------ DATA PROVIDED
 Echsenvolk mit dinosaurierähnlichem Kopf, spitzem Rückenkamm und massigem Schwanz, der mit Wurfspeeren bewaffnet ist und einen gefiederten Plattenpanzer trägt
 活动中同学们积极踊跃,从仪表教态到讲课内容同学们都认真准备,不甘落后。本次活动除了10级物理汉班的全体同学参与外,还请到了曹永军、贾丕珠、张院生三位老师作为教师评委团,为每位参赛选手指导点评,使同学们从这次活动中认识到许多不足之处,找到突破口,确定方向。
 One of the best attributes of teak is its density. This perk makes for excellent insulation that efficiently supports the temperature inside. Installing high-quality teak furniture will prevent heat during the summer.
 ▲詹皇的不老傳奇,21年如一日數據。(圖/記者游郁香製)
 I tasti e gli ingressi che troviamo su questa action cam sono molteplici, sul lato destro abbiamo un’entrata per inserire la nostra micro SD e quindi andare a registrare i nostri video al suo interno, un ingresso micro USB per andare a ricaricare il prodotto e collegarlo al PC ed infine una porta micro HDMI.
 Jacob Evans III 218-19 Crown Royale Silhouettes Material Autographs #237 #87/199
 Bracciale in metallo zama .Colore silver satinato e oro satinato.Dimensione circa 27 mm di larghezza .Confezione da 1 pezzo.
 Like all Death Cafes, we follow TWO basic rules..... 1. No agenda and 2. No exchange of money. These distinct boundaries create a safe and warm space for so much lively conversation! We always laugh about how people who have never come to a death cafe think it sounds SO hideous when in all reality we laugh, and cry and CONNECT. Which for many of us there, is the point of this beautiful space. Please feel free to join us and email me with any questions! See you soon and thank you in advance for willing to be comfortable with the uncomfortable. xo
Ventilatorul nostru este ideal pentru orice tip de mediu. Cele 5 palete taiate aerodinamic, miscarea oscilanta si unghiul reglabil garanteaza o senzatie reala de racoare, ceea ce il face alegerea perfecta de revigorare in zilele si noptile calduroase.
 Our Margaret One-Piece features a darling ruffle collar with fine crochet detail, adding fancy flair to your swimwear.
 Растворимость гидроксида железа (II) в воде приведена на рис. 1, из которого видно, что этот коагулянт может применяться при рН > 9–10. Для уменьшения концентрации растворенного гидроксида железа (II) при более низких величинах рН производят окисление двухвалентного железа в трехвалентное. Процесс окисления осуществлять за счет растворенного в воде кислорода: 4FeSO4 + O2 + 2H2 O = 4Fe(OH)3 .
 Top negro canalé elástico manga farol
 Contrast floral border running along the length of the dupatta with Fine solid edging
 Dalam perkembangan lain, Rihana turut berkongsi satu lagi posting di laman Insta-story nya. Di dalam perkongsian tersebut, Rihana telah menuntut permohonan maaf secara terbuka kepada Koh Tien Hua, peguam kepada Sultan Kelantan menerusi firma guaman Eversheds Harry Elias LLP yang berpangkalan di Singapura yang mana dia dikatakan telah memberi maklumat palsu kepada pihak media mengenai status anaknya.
------------
◆ TASK BRIEF:
Please go line by line through the records above, copying each one that holds the string "with".

◆ YOUR SOLUTION:
 Like all Death Cafes, we follow TWO basic rules..... 1. No agenda and 2. No exchange of money. These distinct boundaries create a safe and warm space for so much lively conversation! We always laugh about how people who have never come to a death cafe think it sounds SO hideous when in all reality we laugh, and cry and CONNECT. Which for many of us there, is the point of this beautiful space. Please feel free to join us and email me with any questions! See you soon and thank you in advance for willing to be comfortable with the uncomfortable. xo
 Our Margaret One-Piece features a darling ruffle collar with fine crochet detail, adding fancy flair to your swimwear.
 Contrast floral border running along the length of the dupatta with Fine solid edging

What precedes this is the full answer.